After Ms. Puglisi testified, Dewey Murdick, the executive director of her former think tank at Georgetown, said the organization stood behind her research.
“We conducted a careful review and found no evidence to contradict the report’s findings or conclusions,” he said in a post on LinkedIn. BGI has not taken legal action against Ms. Puglisi.
In England, Sheffield Hallam University researchers contacted Smart Shirts in November 2023 as they prepared the report tying its parent company to forced-labor practices, according to legal documents. After some back-and-forth, during which the company denied the allegations, the university published the report in December.
In a complaint filed with the British High Court that month, Smart Shirts said the report was false and jeopardized its business making shirts for brands like Hugo Boss, Ralph Lauren and Burberry. Smart Shirts said it believed that the allegations “have spread via the grapevine effect” among its customers.
British defamation laws are more favorable to plaintiffs than the laws in the United States are, making Britain a popular place for individuals to sue news outlets and others over things that they write.
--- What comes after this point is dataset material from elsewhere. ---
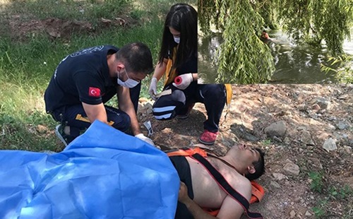 Olay yerine gelen itfaiye ekipleri Kızılırmak’ta bulunan Yasin Keskin’i kurtarmak için çalışma baÅŸlattı. Yorgun düÅŸen Keskin, tutunduÄŸu aÄŸaç dallarından ayrılarak kendini Kızılırmak’ın akıntısına bıraktı. Åžahsın ırmakta sürüklendiÄŸini gören YahÅŸihan Belediyesi İtfaiye ÇavuÅŸu Deniz Çavdar, peÅŸinden giderek kısa sürede yakaladı. Yüzme eÄŸitimli itfaiye çavuÅŸu Çavdar, boÄŸulma tehlikesi geçiren Keskin'i su üstünde tutmaya çalışırken uzun uÄŸraÅŸ sonucu kıyıya çıkardı. SaÄŸlık ekiplerince ilk müdahalesi yapılan Yasin Keskin, hastaneye kaldırıldı. Åžahsın saÄŸlık durumunun iyi olduÄŸu öÄŸrenildi. Kızılırmak'a düÅŸen ÅŸahsın kurtarılma anı da cep telefon kamerası ile görüntülendi.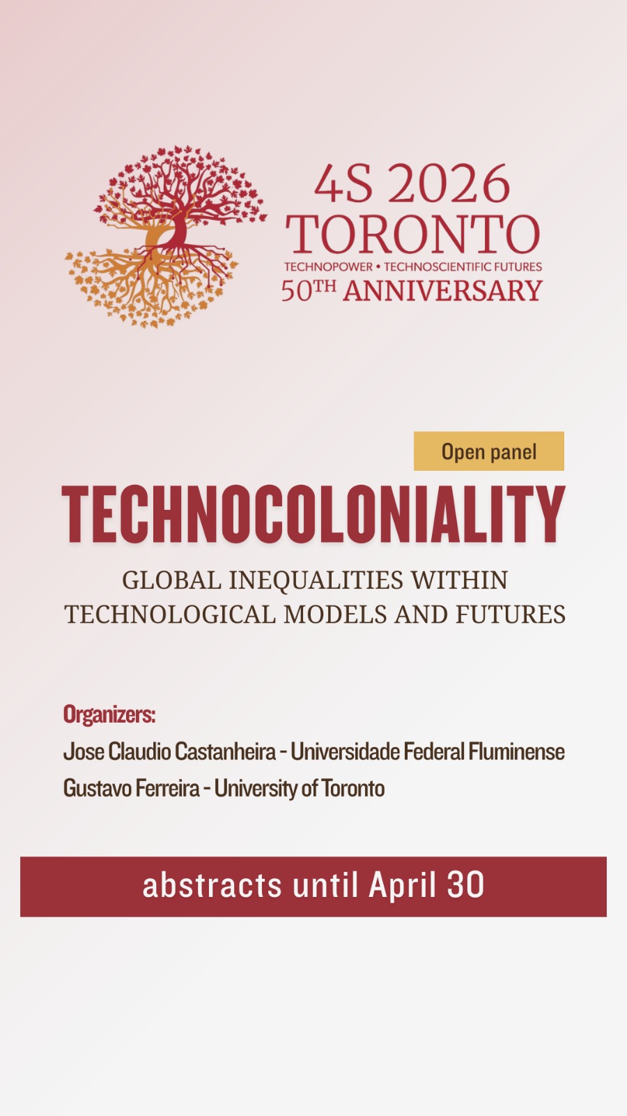 Professor Gustavo Ferreira from the University of Toronto and I are coordinating a panel at the 4S 2026 – TECHNOPOWER – TECHNOSCIENTIFIC FUTURES meeting, organized by the SOCIETY FOR SOCIAL STUDIES OF SCIENCE. The meeting will take place from October 7th to 10th in Toronto, Canada. Below is a description of the panel and the link for submitting abstracts of up to 250 words:

The university declined to comment.
In a statement to The Times, Smart Shirts said it welcomed supply chain research, but was disappointed that Sheffield Hallam had published the report without first allowing the company to correct inaccuracies.
“Our suit is aimed at addressing the material damage to our business arising from their misleading report,” the company said. “It is not aimed at suppressing the important work of researchers in general.”